Natter 40: The Nice One
Off-topic discussion. Wanna talk about corsets, duct tape, or physics? This is the place. Detailed discussion of any current-season TV must be whitefonted.
My father had unlimited vacation accrual, and when he retired (read: returned as a contractor at a higher rate) he had a year's accumulated, for which they had to pay him.
Government. Hmmph.
I accrue four hours of sick time a month (15 days max)...I wonder how much I have left.
There was a whole article in Readers Digest this month about government workers who retire and cash out their accrued time. Some of it was twice what they yearly salaries were.
We need to join a Buffistas union. No one is allowed to be annoying, offensive, or frustrating, and it is mandated we spend at least 5 hours on the board.
Love it.
I gave notice finally! So I will work my ass off in January, but then be free FREE! to do school work all Spring. Or, you know, screw around here.
How much sick time to folks get per year?
I accumulate 8 hours/month, so that's 12 days/year.

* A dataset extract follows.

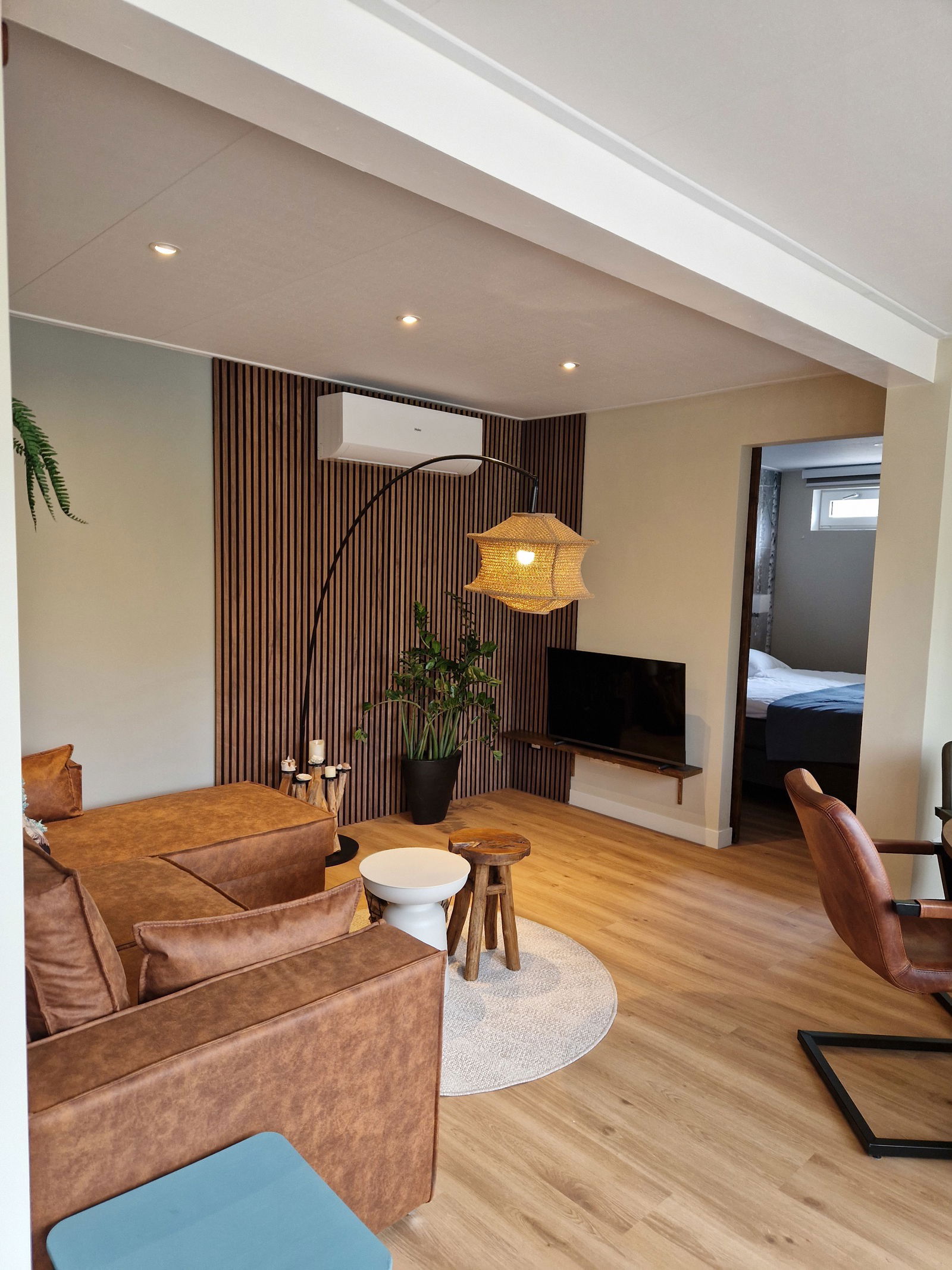Enkele dagen bij jullie geweest en wat een fijne, mooie accommodatie. We voelden ons meteen thuis. Warm en huiselijk ingericht, zelfs met planten. Veel ruimte en alles prima voor elkaar. Ook de keuken was praktisch en compleet ingericht met een bar, waar we 's morgens gezellig de dag starten met ontbijt en koffie. Contact met Edwin en Marieke was goed en erg persoonlijk. Verder de omgeving per fiets verkend, mooie omgeving. Nadien fijn in de tuin gezeten, die prachtig is aangelegd. Ook goede parkeerplek voor de auto en de fietsen konden in het schuurtje. Goede restaurants op loop afstand. Supermarkt om de hoek. We hebben genoten en komen zeker nog eens terug.

We get a couple of federal holidays, 2 personal days, 2 floating holidays, vacation time and sick time. For vacation, we get two weeks for the first full year you work, then 3 weeks starting the January 1st following your one year anniversary, and 4 weeks starting the January 1st following your two year anniversary. (During the first full year it's one week per six months, and then in the period between the first full year and the next January 1st, it's one day per month). For sick time, we get .5 days per completed month for the first 12 months, then .833 per completed month for the second year. After the second full year, you get 10 sick days on January 1.
My IT department is not reading the email I'm sending. OFF != ON
We get vacation and sick in equal measures, plus nine fixed holidays. I think the vacation has a cap at which it stops rolling over (but it is way up there,) but not sick. You can only cash out vacation. Noncontact employees here get 5 weeks/year each of sick and vacation, AND tiaacref, and their vacation rollover cap doesn't start until something ridiculous like 9 months worth of vacation time. It's taken me years to get over the bitter.

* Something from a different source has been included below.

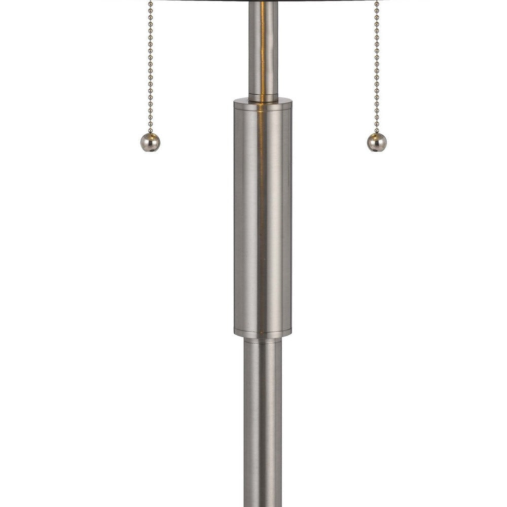 - Eye catching conical hand painted gray and white stained glass shade supported on a brushed steel finish pole body

I get 20 days/160 hours PTO, to be used for sick or vacation time as I see fit, plus short- and long-term disability. It's up to the individual groups to determine if they want to count PTO by hours or by half-days or by days. I can only carry over 5 PTO days per year, but I always do. I'm hoping to exploit my bank of PTO days for the move. The amount of PTO you receive increases the longer you work here, obviously.
We only get the 6 major holidays, though. New Year's, Memorial Day, Independence Day, Labor Day, Thanksgiving, and Christmas.
You can probably mock up some form that will let us do that, right?
Possibly. HR is a skeleton crew right now.
How much sick time to folks get per year?
I accumulate something like 1.9 hours a pay period or something. You max out at a certain point.
Things are different for non-exempts, though, so I don't know how my time compares with lori's.
We get 6 national holidays, plus 5 personal holidays (which have to be used by year end each year), plus 2 weeks of vacation after the first year, you increase up to 4 weeks of vacation after 15 years (so I end up with 5 weeks of vacation total each year). Vacation rolls over to a 2.5 times cap (and then you and your supervisor get a talkin' to). We get 6 sick days per year which roll over until they cap at something like 260 hours. I think right now I've got 200 sick hours and 85 vacation hours. The only time you see any cash for these is if you leave the company and then it's only unused vacation time.
There was a whole article in Readers Digest this month about government workers who retire and cash out their accrued time. Some of it was twice what they yearly salaries were.
That's under the old system. We get 13 days of sick leave and 13 days of annual leave (vacation) each year at the start. The annual leave increases over time until, after 15 years, you start earning 26 days of annual leave a year. You can carry over 30 days of annual leave and unlimited sick leave.
The retirement plan changed -- around 1985, I think. (I started in 1988, and I'm under the new plan.) Under the old plan, you could add unused sick leave to your seniority when you retired. So you could easily get credited for another year or two that way. But under the new plan, you can't do that.
BTW, you can cash in your annual leave under either plan, but the absolute max you could ever cash in would be 56 days, or just over 11 weeks. Which is a nice send-off, but not 2 years worth.